No Agent Grades Its Own Homework

#codereview #ai #agents #selfpreferencebias

You ask Claude to review your code. It says "looks good, clean, well factored". Of course it does. It wrote that code five minutes ago. You just asked the author to grade his own paper, and he gave himself an A.

Having an AI review code works. But not by asking the one who just wrote it. Quality doesn't come from a smarter model, it comes from an architecture where no role checks itself.

The self-preference bias

This isn't a hunch, it's measured. A model evaluating its own output rates it higher than others' at equal quality: the self-preference bias, documented by Panickssery and co-authors in 2024, and it's causal, not correlational. The model recognizes its own style and prefers it.

In practice that means the naive loop "write, then review what you just wrote" is broken by construction. You don't get a review, you get a justification. The agent already decided its code was good the moment it produced it; asking again only confirms.

The blind reviewer

So the first rule: the reviewer is never the author. In my config, the review agents run in a clean context. They don't see the implementation prompt, they don't know what constraints the author set, they meet the diff like a colleague on Monday morning. And when the author is a known model, the reviewer is from a different family, to break style recognition.

One detail matters as much as the rest: the developer's name never enters the reviewer's prompt. No "this was written by a senior", no "review this model's work". The author's identity is exactly the information that triggers the bias. We take it off the table.

No finding without a receipt

The second trap is the opposite of the first. An AI reviewer, especially in a clean context, tends to over-flag: it invents problems to look useful, it flags "vulnerabilities" that aren't. A review that cries wolf on every line is no better than a complacent one: either way, you stop listening.

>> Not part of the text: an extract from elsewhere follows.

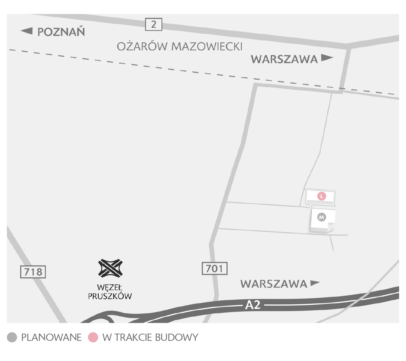 Park magazynowy SEGRO Park Warsaw, Ożarów 2 będzie znajdował się w bezpośrednim sąsiedztwie SEGRO Park Warsaw, Ożarów 1. To doskonała lokalizacji – 16 km na zachód od centrum Warszawy, w bezpośrednim sąsiedztwie autostrady A2, pomiędzy węzłem autostrady A2 a węzłem DK2.

Hence the receipt rule. Every finding must cite a file:line and pass a check before it's surfaced: a grep proving the occurrence, a sandbox run, a failing test, a data-flow trace. A finding nobody can prove is dropped silently, no debate.

Finding: "non-parameterized SQL call, injection risk"
  → receipt required: grep the user-input → query flow
  → if the value is a code constant: dropped
  → if it comes from the HTTP request: kept, with the line

Proof comes before judgment. The reviewer isn't allowed to bother you over a hunch.

The refute panel

For critical findings, the ones that would block a merge, I add a last layer: a panel of independent skeptics whose instruction isn't to confirm but to refute. Each one gets the finding and tries to tear it down: "here's why this isn't a bug". If a majority is needed to keep the finding, plausible false alarms don't survive. The ones that remain took a demolition attempt and held.

It's the exact opposite of the naive loop. Instead of one model trying to be right, several trying to contradict each other. The truth that comes out has been attacked, not self-proclaimed.

Separation of powers

Put end to end, this gives a team of agents where the roles never overlap. The one who writes the code isn't the one who writes the tests, which are written from the spec only, not from the code. The one who reviews didn't write. And before a human or an LLM even gives an opinion, an objective gate (build, lint, tests) has to be green: the model's judgment only comes after the machine, never instead of it.

This isn't gratuitous distrust of AI. It's the same principle that governs a newsroom, an accounting team, a court: you let no one sign off on their own work, because no one is a good judge of themselves. LLMs, with a proven self-preference bias, even less than the rest.

Conclusion

The temptation, with a model that codes well, is to hand it the whole cycle: write, test, review, sign off. That's exactly what you mustn't do, because each of those steps corrects the previous one, and a corrector that corrects itself corrects nothing. The quality of an AI review isn't measured by the model's intelligence. It's measured by how many times you stop it from grading itself.

Top comments (2)

Alex Shev • Jun 28

The independence of the reviewer matters more than the fact that it is another model. If the same context, same incentives, and same assumptions flow into the grader, it will often bless the original mistake. A useful review agent needs separate evidence and permission to disagree.

Raju Dandigam • Jun 30

This is a very practical framing of AI code review. The “no finding without a receipt” rule is especially strong because it turns review from opinion into evidence. I’ve seen similar issues when teams let AI generate code, tests, and review comments in the same loop — the workflow becomes fast, but the validation boundary becomes weak. Separating author, tester, reviewer, and objective gates feels much closer to how production engineering teams should use agents safely.